▶ **To do**
Can you transcribe the data exactly? Leave the pictures out.
=====
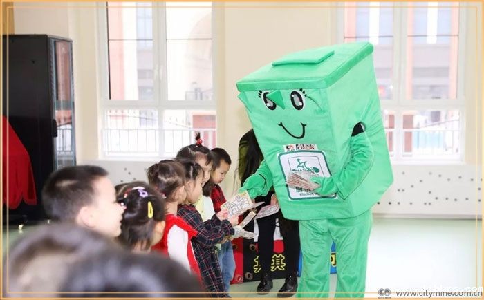 随后,通过与垃圾桶人偶互动完成垃圾分类的游戏方式,引导小朋友们识别垃圾分类的标志、分辨垃圾的种类等,教育孩子们在日常生活中主动、自觉地进行垃圾分类,养成分类的好习惯。
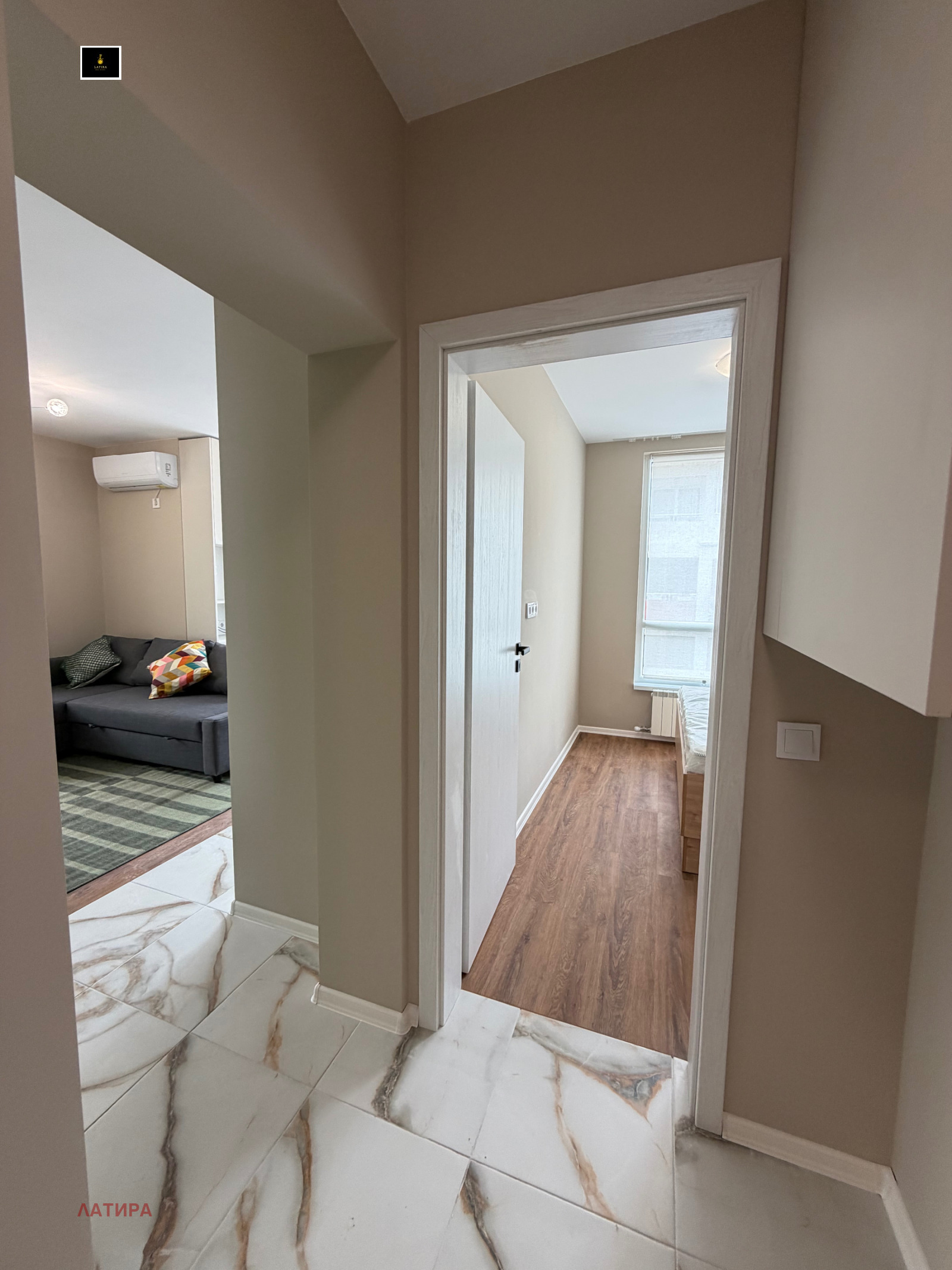 Апартаментът е изцяло с поставени климатици!
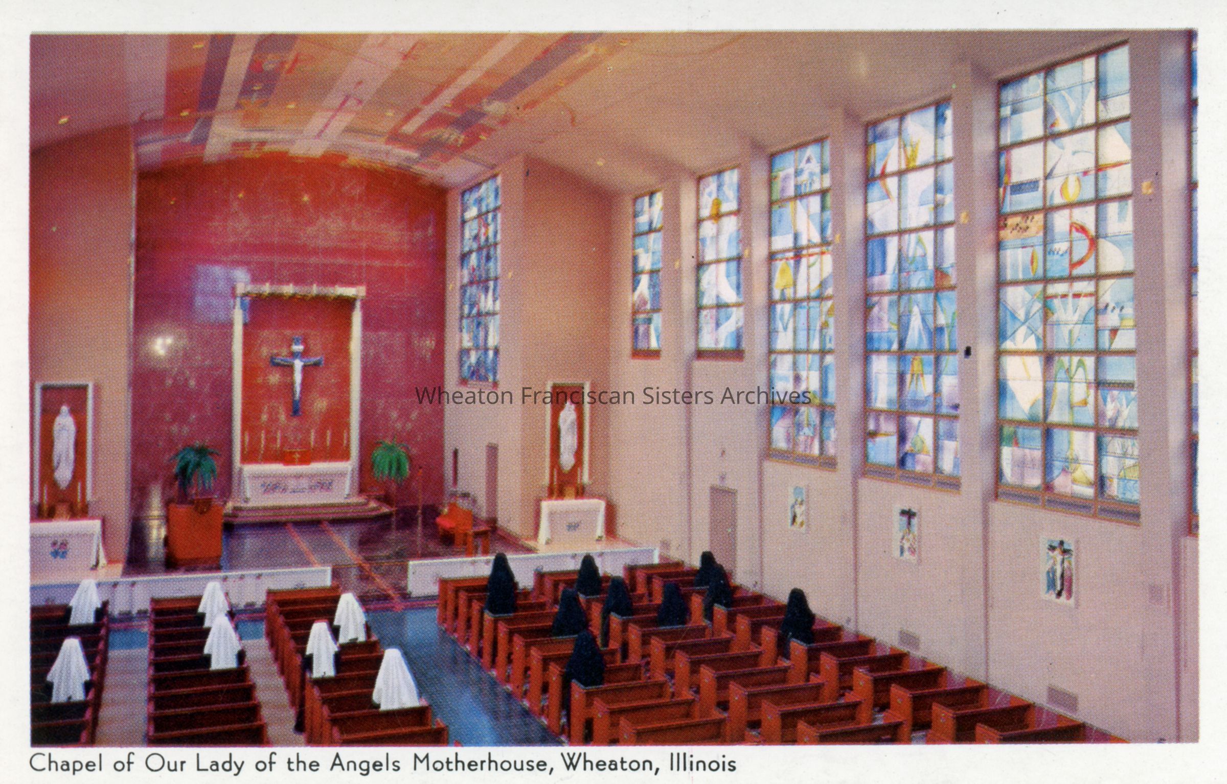 Postcard of the Our Lady of Angels Motherhouse Chapel at 26W171 Roosevelt Road in Wheaton, Illinois. A number of Sisters are present.
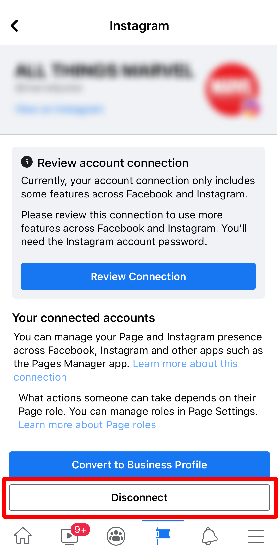 - Now you’ll see your connected Instagram page. If that is the right one, tap Disconnect at the bottom of the page
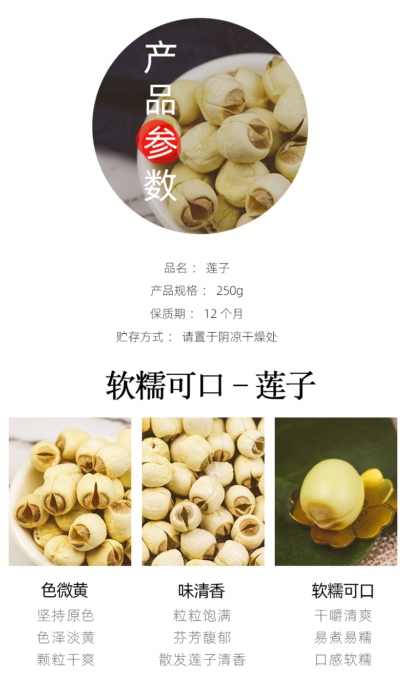 拾誉白莲子 去芯莲子无硫磺 煮粥熬汤 250g
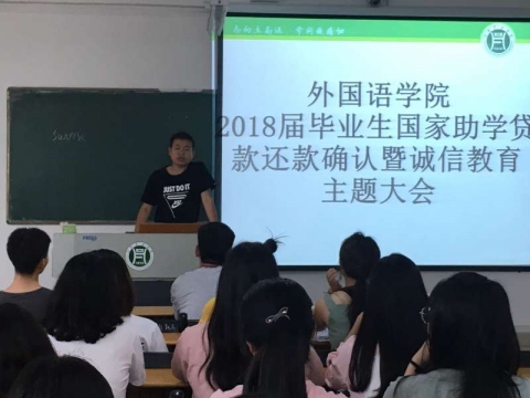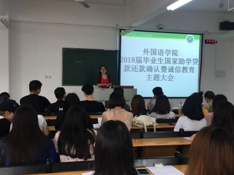 为做好国家助学贷款学生贷后管理工作,确保我院贷款工作顺利进行,6月1日中午12:30,外国语学院在二教101教室召开2018届毕业生国家助学贷款还款确认暨诚信教育大会,外国语学院贷款及资助专员闫达老师、毕业班辅导员赵瑞老师以及2018届应用英语全体毕业生参加了此次会议,会议由闫达老师主持。
=====
▶ **Solved problem**
 随后,通过与垃圾桶人偶互动完成垃圾分类的游戏方式,引导小朋友们识别垃圾分类的标志、分辨垃圾的种类等,教育孩子们在日常生活中主动、自觉地进行垃圾分类,养成分类的好习惯。
 Апартаментът е изцяло с поставени климатици!
 Postcard of the Our Lady of Angels Motherhouse Chapel at 26W171 Roosevelt Road in Wheaton, Illinois. A number of Sisters are present.
 - Now you’ll see your connected Instagram page. If that is the right one, tap Disconnect at the bottom of the page
 拾誉白莲子 去芯莲子无硫磺 煮粥熬汤 250g
 为做好国家助学贷款学生贷后管理工作,确保我院贷款工作顺利进行,6月1日中午12:30,外国语学院在二教101教室召开2018届毕业生国家助学贷款还款确认暨诚信教育大会,外国语学院贷款及资助专员闫达老师、毕业班辅导员赵瑞老师以及2018届应用英语全体毕业生参加了此次会议,会议由闫达老师主持。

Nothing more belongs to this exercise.